Data segment
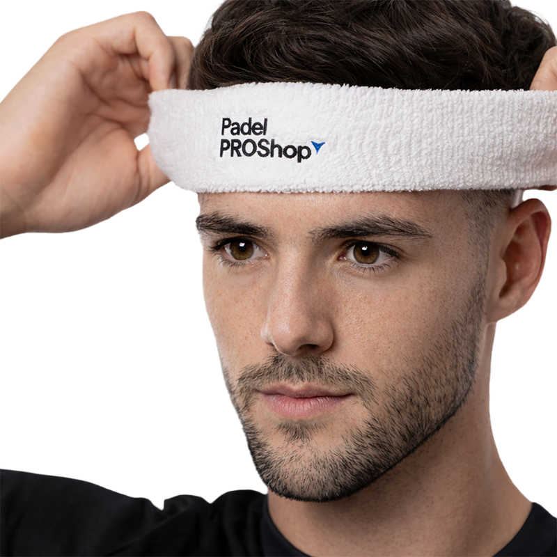 Cinta PadelPROShop en color blanca para pelo. Un accesorio perfecto para ofrecer la máxima comodidad durante cualquier actividad deportiva. Logo bordado de PadelPROShop fabricada 80% algodón, 12% spandex, 8% poliéster.
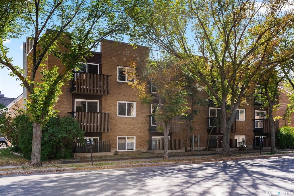 Beautifully remodelled top-floor, end unit located in a solid masonry building, providing excellent soundproofing. Ideally situated within walking distance to all Cathedral amenities, Wascana Park, and downtown Regina. This bright, north-facing condo features carbonized bamboo hardwood floors that flow through the entrance, kitchen, and living room. The kitchen is finished with cherry maple cabinets, crown mouldings, granite countertops, Travertine tile backsplash, a deep undermount sink, and a stainless steel appliance package. The spacious living room includes large patio doors leading to a private balcony, perfect for barbequing. The 4-piece bathroom offers ceramic tile flooring, a soaker tub with ceramic tile surround, and a modern marble-topped vanity. The bedroom is a good size with a bright north-facing window, newer closet doors, and updated carpet (2021). Shared laundry is located in the basement. Condo fees include heat, water, building insurance, exterior maintenance, one electrified parking stall, and reserve fund contribution.
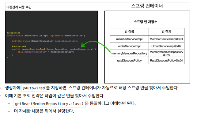@Component가 붙어있는 애들이 먼저 spring container에 등록 되고, @Autowired를 만나면 bean에 있는 클래스를 보면서 type이 일치하는 애를 찾는다. 위 예시에서는 memoryMemberRepository의 type이 parameter에 있는 MemberRepository와 일치한다. 따라서 이 녀석을 데려다가 MemberServiceImpl에 주입한다.

Problem details
With the pictures removed, copy the data above word for word.

Answer below
 Cinta PadelPROShop en color blanca para pelo. Un accesorio perfecto para ofrecer la máxima comodidad durante cualquier actividad deportiva. Logo bordado de PadelPROShop fabricada 80% algodón, 12% spandex, 8% poliéster.
 Beautifully remodelled top-floor, end unit located in a solid masonry building, providing excellent soundproofing. Ideally situated within walking distance to all Cathedral amenities, Wascana Park, and downtown Regina. This bright, north-facing condo features carbonized bamboo hardwood floors that flow through the entrance, kitchen, and living room. The kitchen is finished with cherry maple cabinets, crown mouldings, granite countertops, Travertine tile backsplash, a deep undermount sink, and a stainless steel appliance package. The spacious living room includes large patio doors leading to a private balcony, perfect for barbequing. The 4-piece bathroom offers ceramic tile flooring, a soaker tub with ceramic tile surround, and a modern marble-topped vanity. The bedroom is a good size with a bright north-facing window, newer closet doors, and updated carpet (2021). Shared laundry is located in the basement. Condo fees include heat, water, building insurance, exterior maintenance, one electrified parking stall, and reserve fund contribution.
@Component가 붙어있는 애들이 먼저 spring container에 등록 되고, @Autowired를 만나면 bean에 있는 클래스를 보면서 type이 일치하는 애를 찾는다. 위 예시에서는 memoryMemberRepository의 type이 parameter에 있는 MemberRepository와 일치한다. 따라서 이 녀석을 데려다가 MemberServiceImpl에 주입한다.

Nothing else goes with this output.